J’ai lancé un appel sur les réseaux sociaux et dans ma sphère privée pour recenser les témoignages de personnes ayant vécu leur coming-out (moment où on annonce à son entourage sa sexualité, identité de genre etc) au sein des scouts.
Je vous laisse avec toutes ces histoires inspirantes qui me laissent penser que d’une part : nos jeunes n’ont pas l’air traumatisé·es par le « lobby LGBT » et sont souvent nos premières sources de soutien (un enfant ne pense jamais par principe qu’une autre personne devrait être stigmatisée parce qu’elle a été assignée du « mauvais » genre à la naissance par exemple !).
Aussi, l’image que certain·es se font du scoutisme comme un environnement tradi, oppressant et sans tolérance pour les personnes LGBTQIA+ n’est pas avérée.

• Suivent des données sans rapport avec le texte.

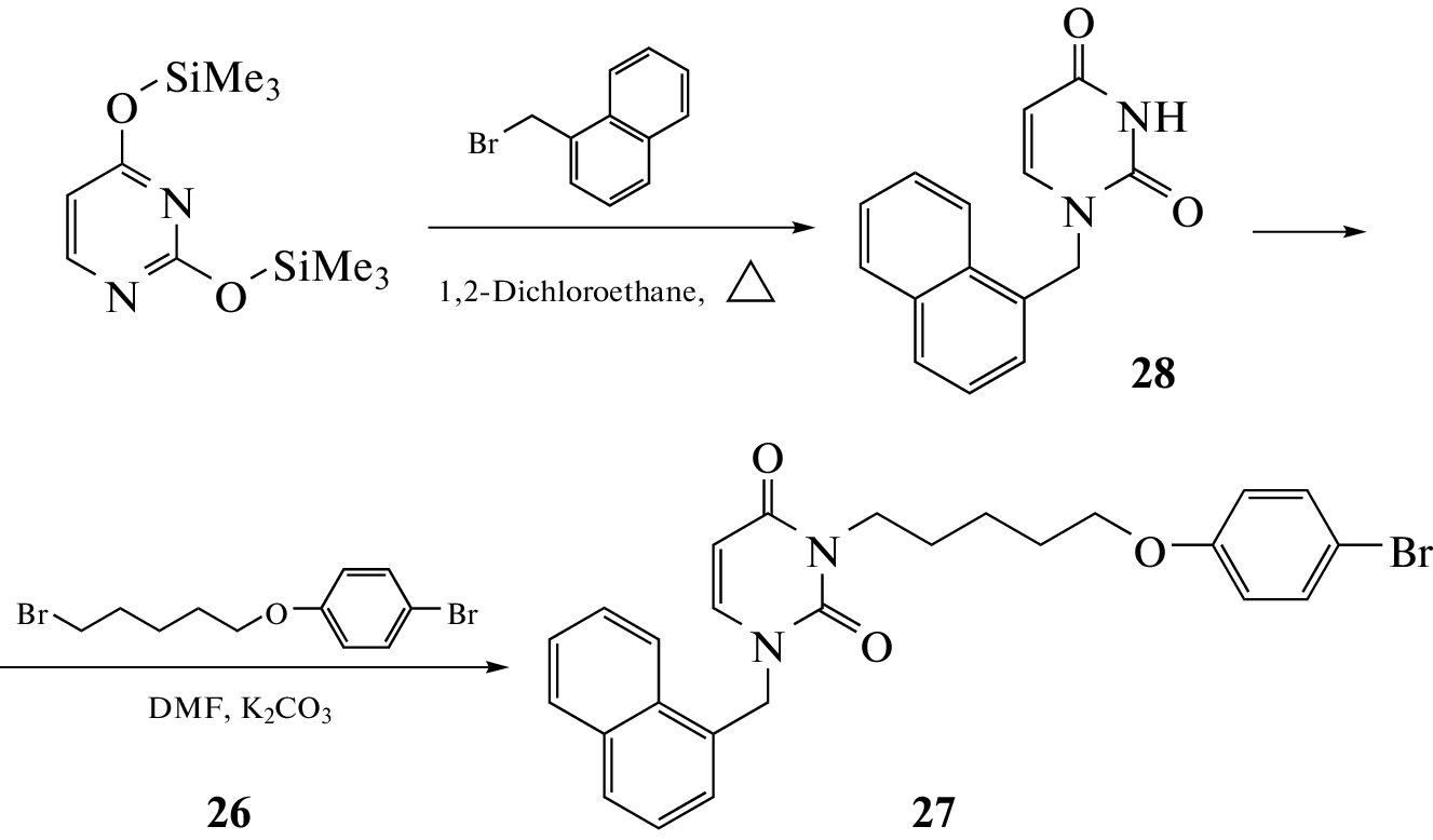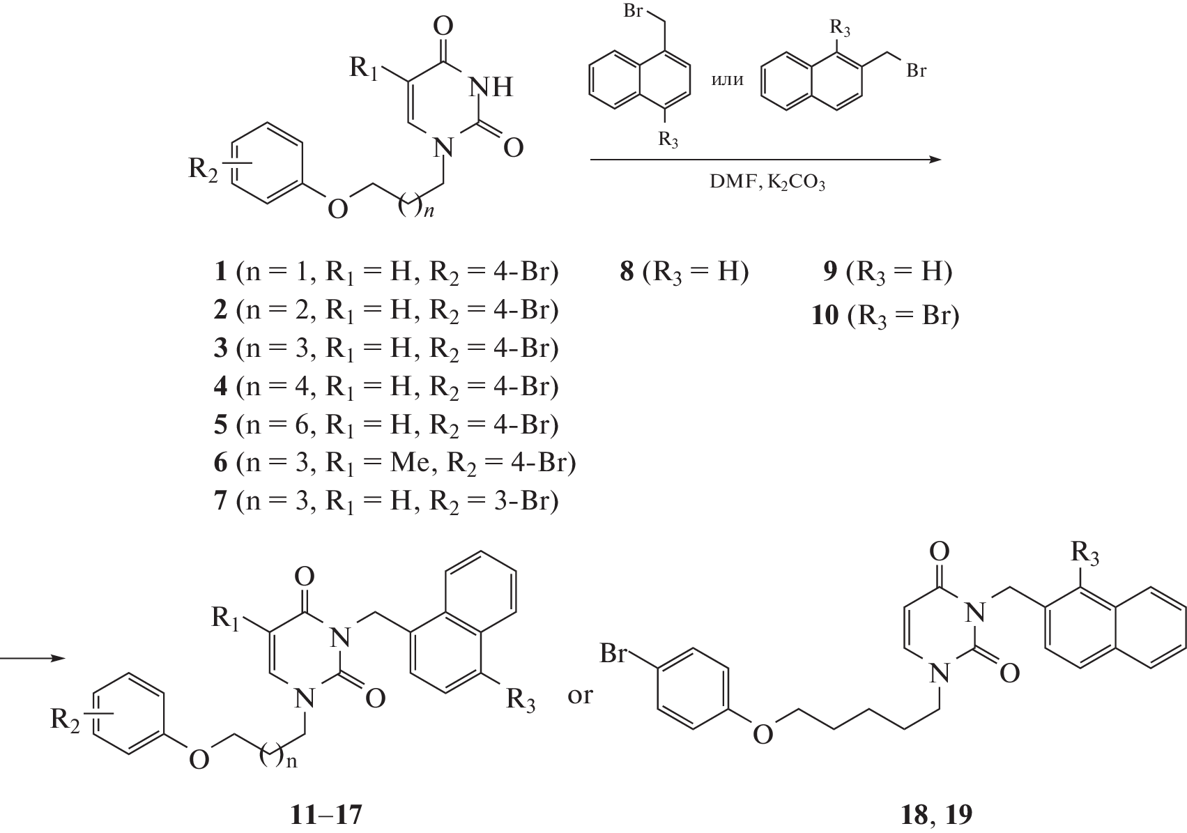 A synthesis of a new series of 1-[ω-(bromophenoxy)alkyl]-uracil derivatives containing in position 3 naphthalen-1-yl-, naphthalen-2-yl-, 1-bromonaphthalen-2-ylmethyl, benzyl, and anthracene 9-methyl fragment was carried out. The antiviral properties of the synthesized compounds were studied against human cytomegalovirus. It was found that the compound, which has in its composition a bridge consisting of five methylene groups, has a high anti-cytomegalovirus activity in vitro.
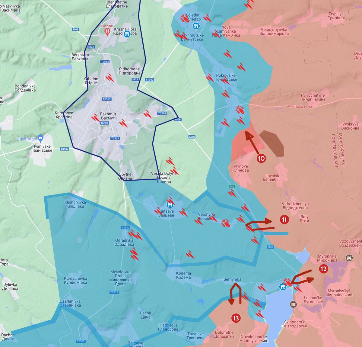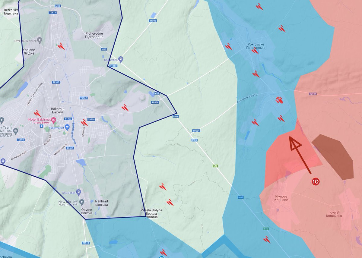 The Bakhmut area: One of the more interesting, albeit ultimately irrelevant developments of the day: The Wagner group attacked north towards Pokrovske from Klynove (10). They are establishing themselves on the southern outskirts of Pokrovske.
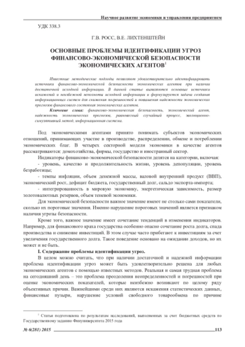 Статья: ОСНОВНЫЕ ПРОБЛЕМЫ ИДЕНТИФИКАЦИИ УГРОЗ ФИНАНСОВО-ЭКОНОМИЧЕСКОЙ БЕЗОПАСНОСТИЭКОНОМИЧЕСКИХ АГЕНТОВ (2015)
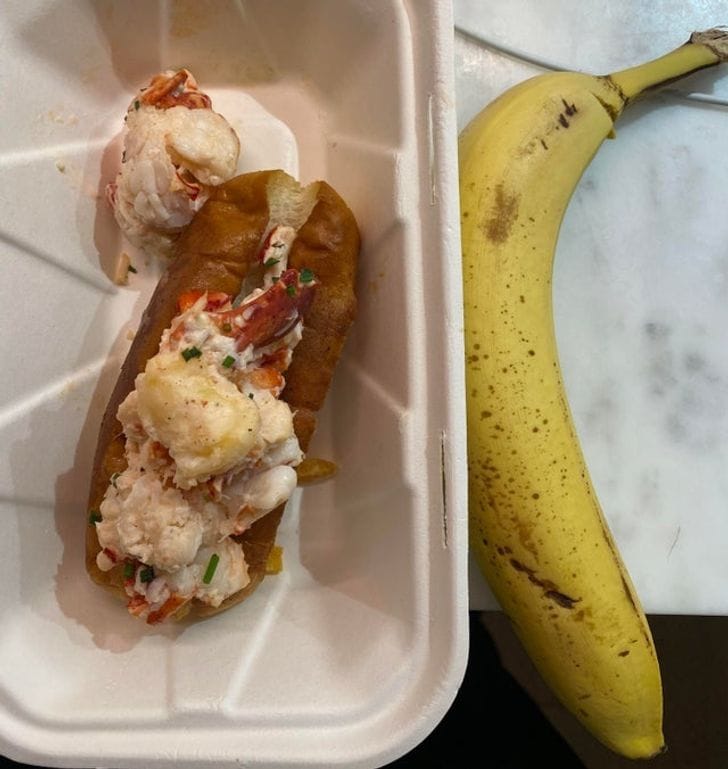 Ролл с лобстером за 34$. Банан, чтобы сравнить размер
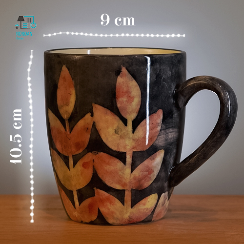 ماگ سرامیکی زیبا و چشم‌نواز که بدنه آن به رنگ مشکی مات است و طرح برگ‌های رنگارنگ پاییزی روی آن نقش بسته است. این طرح زیبا و طبیعی، به ماگ ظاهری گرم و دلنشین بخشیده است.
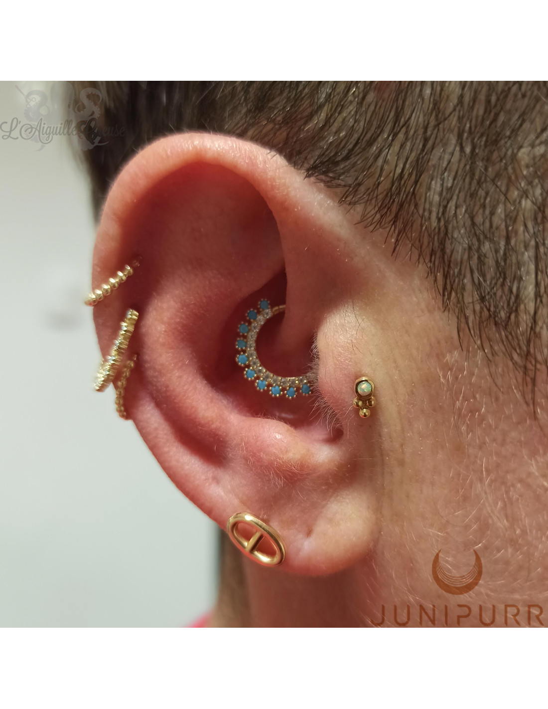 Accessoire threadless en or jaune 14 carats et opale synthétique réalisé par la marque Junipurr.

En somme, l’accueil et le dialogue autour et AVEC les personnes LGBTQIA+ est important dans le scoutisme, comme vous pourrez le lire au travers des témoignages que j’ai reçu. En effet, la société « nous » stigmatise suffisamment, le scoutisme est un refuge pour beaucoup et la représentation ainsi que l’acceptation sont indispensables à la construction personnelle des jeunes.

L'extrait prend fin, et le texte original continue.